Step 1 :Identify the null and alternative hypotheses. The null hypothesis is that the percentage of people who take Tamiflu for the relief of flu symptoms and experience nausea is equal to 30%. The alternative hypothesis is that the percentage is greater than 30%.
Step 2 :The type of hypothesis test to conduct is a right-tailed test because we are testing if the percentage is greater than a certain value.
Step 3 :The appropriate significance level for this test is 0.01.
Step 4 :Calculate the test statistic. The sample size (n) is 2203, the number of successes in the sample (x) is 716, and the hypothesized population proportion (p0) is 0.30. The sample proportion (p_hat) is calculated as x / n, which is approximately 0.3250. The test statistic is then calculated as (p_hat - p0) / sqrt((p0 * (1 - p0)) / n), which is approximately 2.5617.
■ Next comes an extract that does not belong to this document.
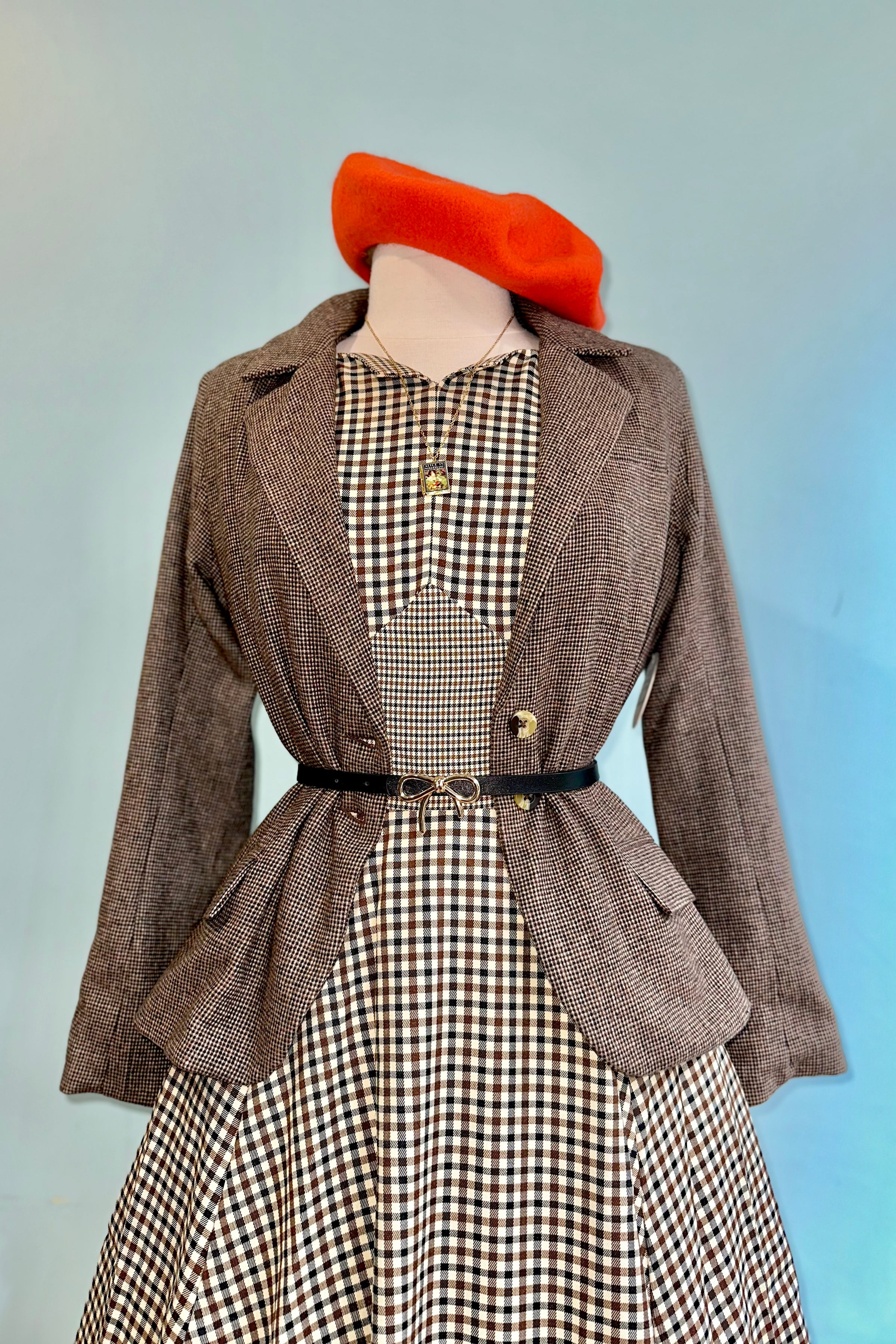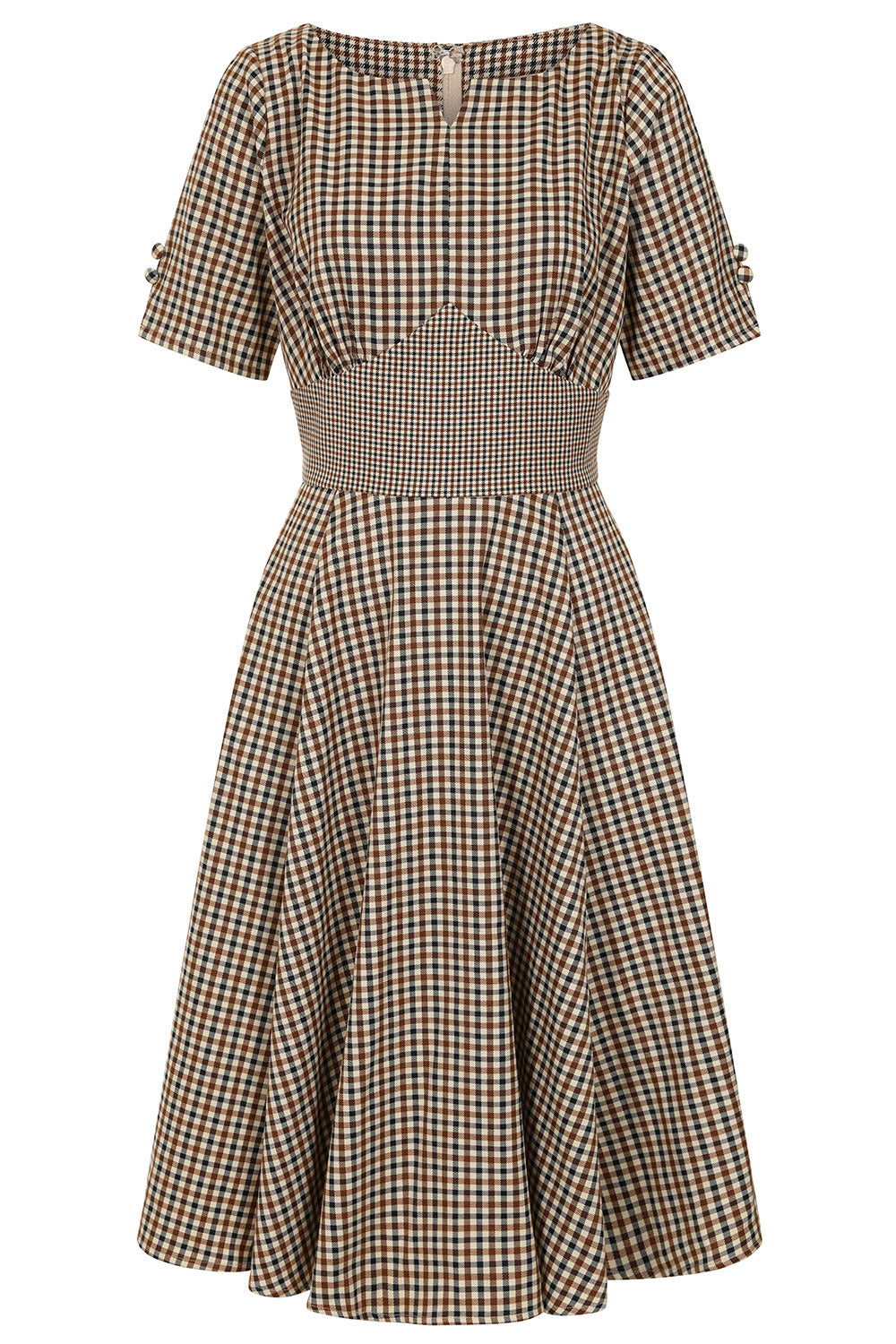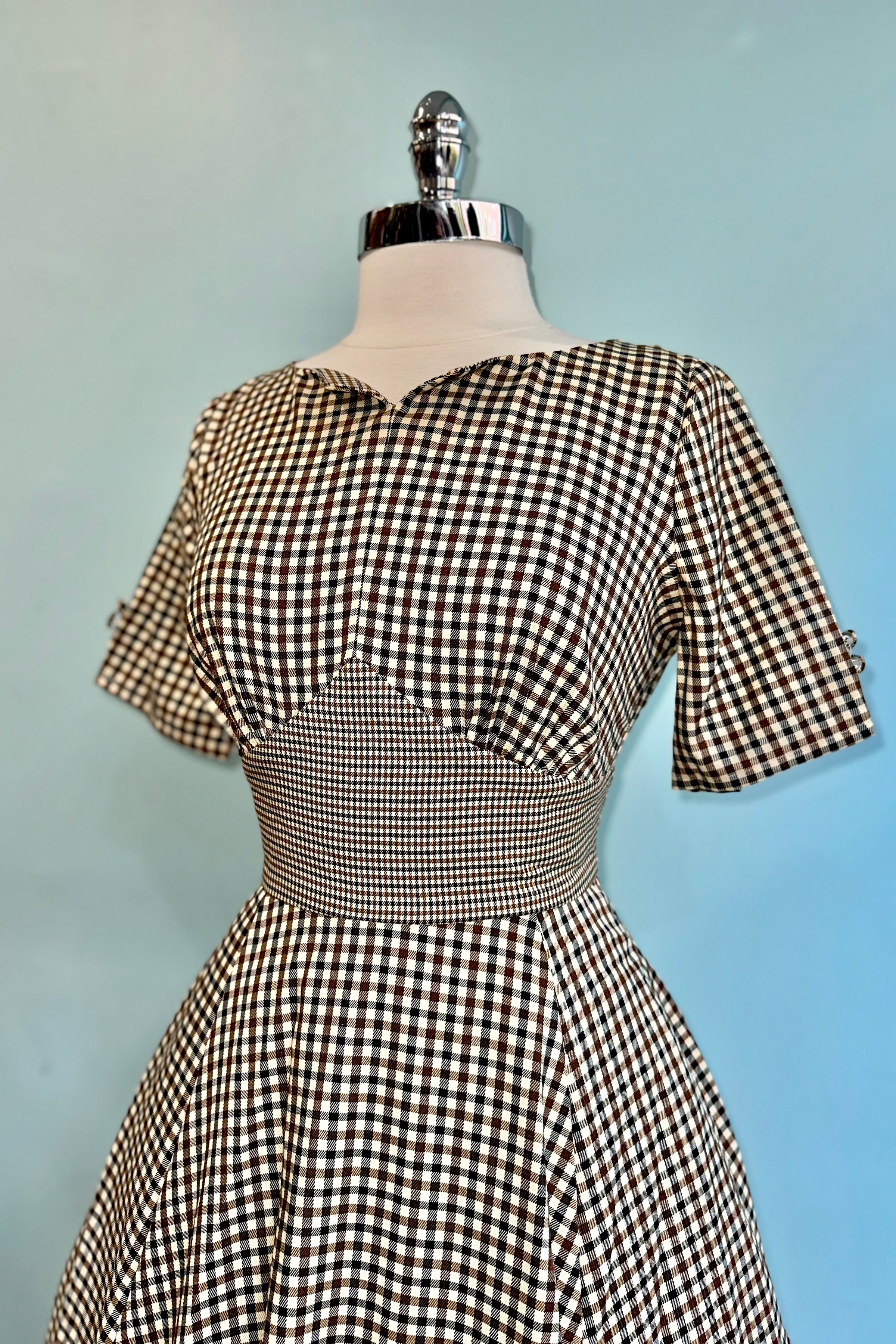 Black dress in black, beige and brown with short sleeves and a full skirt. This dress has a boat neck with a notched collar. The waist has an inset panel with gathering under the bust. The skirt is a circle with side pockets. There is a back zip closure.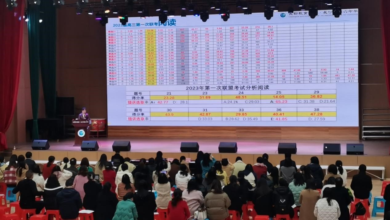 在長郡中學體育館內,來自衡陽市八中的李自生老師對語文學科考后數據進行了詳細分析。

Step 5 :Calculate the p-value. The p-value is calculated as 1 - the cumulative distribution function (CDF) of the test statistic, which is approximately 0.0052.
Step 6 :Since the p-value is less than the significance level (0.0052 < 0.01), we reject the null hypothesis. This means that we have sufficient evidence to support the claim that the percentage of people who take Tamiflu for the relief of flu symptoms and experience nausea is greater than 30%.
Step 7 :The final answer is that the test statistic is approximately \(\boxed{2.5617}\) and the p-value is approximately \(\boxed{0.0052}\). Since the p-value is less than the significance level, we reject the null hypothesis. This means that we have sufficient evidence to support the claim that the percentage of people who take Tamiflu for the relief of flu symptoms and experience nausea is greater than 30%.